What is a property worth?
Real Estate Calculations
There are many approaches to determining the value of a piece of commercial property or commercial investment. Often it is best to use a more than one approach to reach the true value of a property. Below are few of the most common methods for determining the value of commercial real.
Values real estate based on "what would it cost to replace the building in its current form with the value of the land added to it?" The cost approach sounds like a straightforward and easy-to-calculate method for determining value, but it is difficult to implement. Getting an apprised value for the cost of the existing structure can be difficult in some markets. Furthermore, the market value of the existing prosperity may be very different from its construction cost.
Sale Comparison Approach
This approach looks at the price at which other real estate property with similar characteristics (location, size, age, etc.) has recently been sold or valued. Most residential real estate is appraised or valued using this method. At times, this can also be a difficult method to implement: a comparable property may be hard to identify (especially if the property in question has unique features) or there may not be any sales of comparable properties in the recent past.
The Income Approach
This approach uses a perpetuity discount type of model. The net income derived from the property is discounted at a market required rate of return. The appraisal value = net operating income (NOI)/market cap rate. The Market cap rate is found by benchmark NOI/benchmark transaction price. The problem with this approach is that long-term tenants may not be paying current market rates, depressing the value of the investment. An inflationary environment may also take a bite out of the value of the property.

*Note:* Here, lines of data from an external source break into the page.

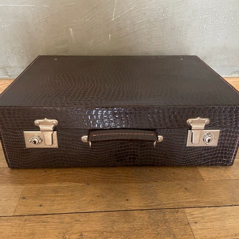 Lille guldfarvet kuffert.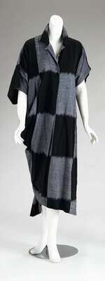 Black and gray blocked shirtwaist short sleeve caftan with short sleeves and slouching shoulders, with a gored pleat at the center and the right side buckling around to the back to form an asymmetrical drape. Labeled "Issey Miyake" etc., size small.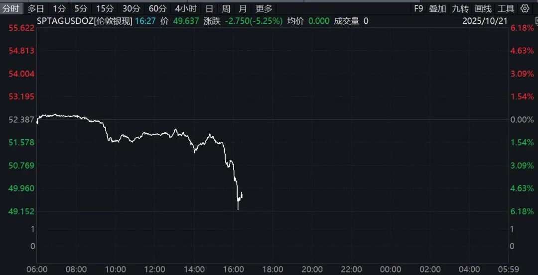 国际黄金、白银突然大跳水。截至发稿,现货白银暴跌超5%,此前现货白银于10月17日创下54.49美元/盎司的历史最高价。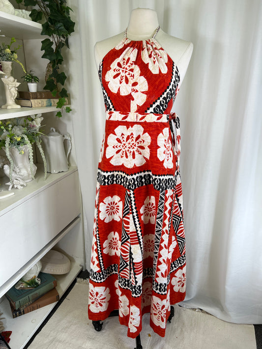 70s Hawaiian Print Halter Neck Red Wrap Dress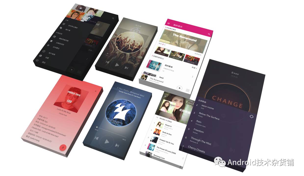 Android 手机本地音乐文件播放器。应用开启了单独的播放服务进程,在服务进程中控制音乐播放逻辑,目前已实现功能如下:通过耳机和通知栏快捷控制音乐播放、创建歌单、本地歌曲搜索、歌曲多选操作、记忆播放、自动切换到夜间模式、定时停止播放、应用主题自定义以及播放界面风格选择等功能。

Discounted After-Tax Cash Flow Approach
Calculating the value of the discounted cash flows from a real estate investment can act as a validation or check on other valuation methods. This approach takes into account the investor's individual tax bracket, depreciation and any interest payments.
Calculate Net Operating Income from a Real Estate Investment
It is often helpful to know the Net Operating Income (NOI) for a property or know who to figure the NOI of a property. The following is a brief outline of the proces
Potential Gross Income
Scheduled Rent $120,000
Other Income $15,000
Total Potential Gross Income $135,000
Vacancy and Collection Loss (10%) ($12,000)
Effective Gross Income $123,000
Total Expenses $10,000
Comparable Property: NOI $115,000, which sold for $1,210,000
NOI/(Transaction Price): $115,000/$1,210,000 = 0.095 (9.5% cap rate)
NOI for Subject Property = $123,000 - $10,000 = $113,000
NOI/Cap Rate=$113,000/0.095 =$1,189,000*= Which is the amount this property is being valued at.